Joseph Roth è uno di quegli autori che non si può proprio associare a un Paese preciso, non al giorno d'oggi. Nato a Brody, piccolo paese attualmente parte dell'Ucraina, è considerato in verità uno scrittore austriaco, scrisse in tedesco, ed è connotato in particolare per la sua appartenenza al gruppo degli ebrei galiziani, una comunità piuttosto numerosa all'inizio del '900 (e rappresentata anche nel romanzo protagonista di questo post). Insomma, un uomo che si può definire solo austro-ungarico e che di quest'appartenenza fa proprio il suo marchio di fabbrica, perché è conosciuto come il narratore della decadenza e della fine dell'Impero.

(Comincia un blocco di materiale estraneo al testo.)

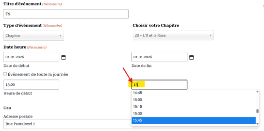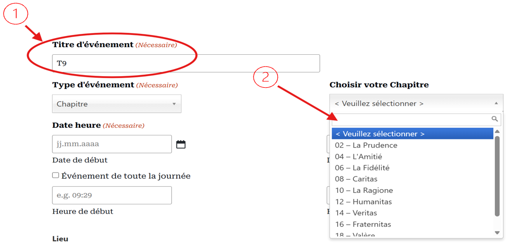 Le Type d’événement nous permet d’associer le code couleur du groupe. Pour les groupes Chapitre, Aréopage et Consistoire, veuillez sélectionner votre Atelier.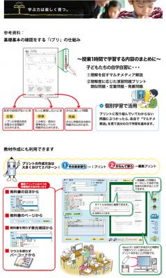 「みんなの学習クラブ」は国内大手の教育事業者である株式会社日本コスモトピア(大阪市:代表取締役社長 下向 峰子 以下、コスモトピア)が制作する小学校・中学校・高等学校向けのインターネット配信型の教育システムであり、学習プリント一つ一つにバーコードがついており、それをスキャンすることで、生徒自らが授業の進度や理解度に応じた学習プリントを取り出したり、動画と音声によるわかりやすい「マルチメ解説」を閲覧できるのが特長です。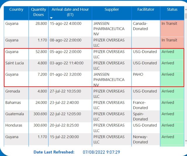 Y otros dos lotes llegaron a Guyana. Uno de ellos se despachó el lunes 1, dispuesto por la OPS y conformado por 7 mil unidades de la norteamericana Janssen; en tanto, el segundo fue enviado el viernes 5, con un total de 53 mil dosis de Comirnaty, también donadas por los Estados Unidos.

"La cripta dei Cappuccini" è il secondo capitolo di una breve serie composta da due romanzi e un racconto, che hanno in comune la descrizione delle vicende della famiglia Trotta. Nella prima parte, intitolata "La marcia di Radetzky", si narra di un ramo eroico della famiglia e della sua lenta decadenza; in questo secondo capitolo, che si può leggere tranquillamente in modo indipendente, l'autore segue le vicende dell'altro ramo genealogico, ancora una volta focalizzandosi sul suo disfacimento. La Cripta dei Cappuccini che dà il titolo al romanzo esiste davvero e altro non è che la cripta della chiesa di S. Maria degli Angeli a Vienna, dove tradizionalmente venivano seppelliti i membri della famiglia imperiale. Qui si possono ancora oggi visitare le tombe di molti personaggi famosi e sebbene nel romanzo appaia solo verso la fine rappresenta per il lettore un simbolo, una metafora del tempo corrente: il vecchio sistema è morto e giace qui, sepolto, per sempre. Il mondo là fuori è cambiato e non c'è più spazio per gli imperatori. Quindi il mood del libro dovrebbe a ben vedere essere questo:


Devo dire che Roth è bravissimo a farcela sentire, quest'allegria straripante.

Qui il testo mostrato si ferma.